* [Exercise instructions]:
When you reach the line that holds "貴州中量計量測試檢測有限公司-冷鏡式露點儀校準證書 2021-5-15 本文被閱讀", start copying exactly and keep going through the final line of the data, leaving out pictures.

--- Provided data Enclosed Below ---

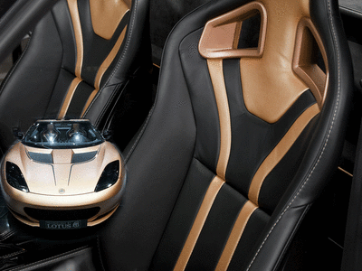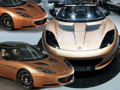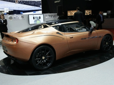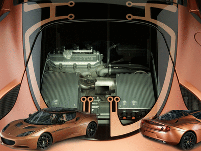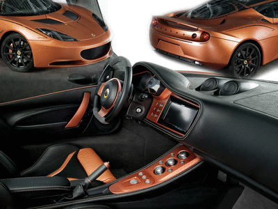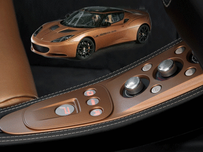 The Evora 414E Hybrid is a concept car that is equipped with a 7-speed transmission and two drive settings, including Eco and Sport. The vehicle is mainly maid in a copper color, which is used not only in the exterior but also interior of the concept, including the instrument panel, seat covers and brake calipers.
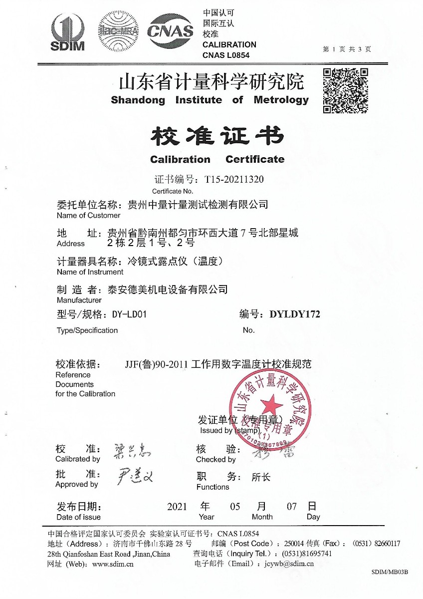 貴州中量計量測試檢測有限公司-冷鏡式露點儀校準證書 2021-5-15 本文被閱讀 15236 次
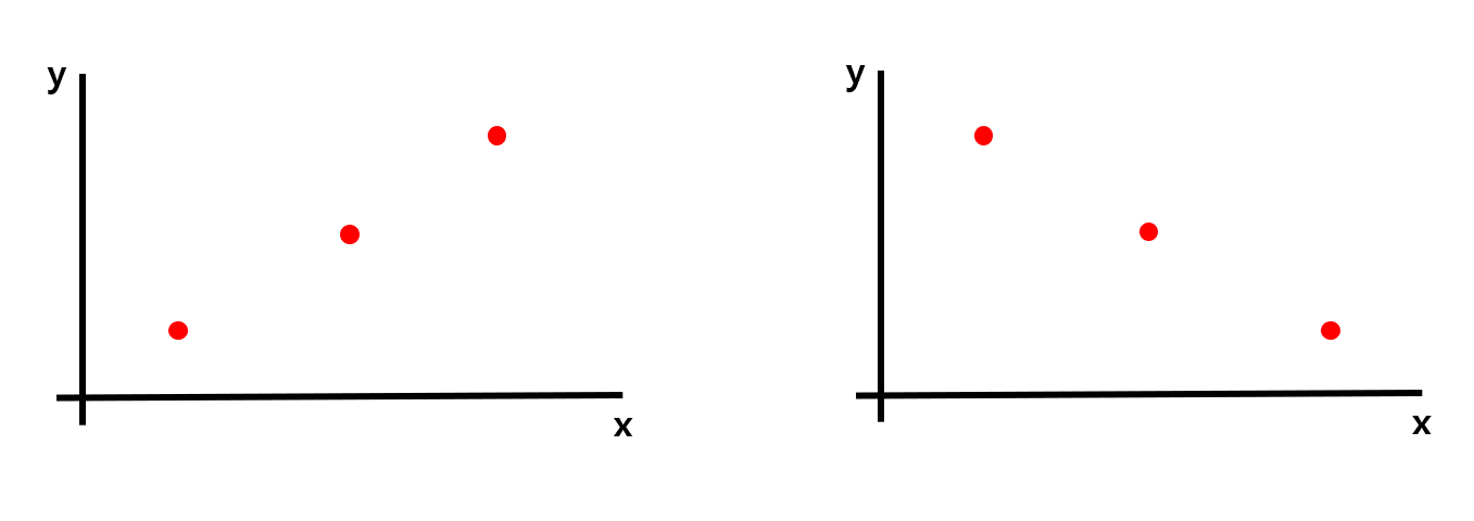 즉, 왼쪽 데이터의 covariance는 (+4+0+4)/3 = +8/3 이고, 오른쪽 데이터의 covariance는 (-4+0-4)/3 = -8/3 이 된다.

--- End of Enclosed Provided data ---

* [Solution to this task]:
 貴州中量計量測試檢測有限公司-冷鏡式露點儀校準證書 2021-5-15 本文被閱讀 15236 次
 즉, 왼쪽 데이터의 covariance는 (+4+0+4)/3 = +8/3 이고, 오른쪽 데이터의 covariance는 (-4+0-4)/3 = -8/3 이 된다.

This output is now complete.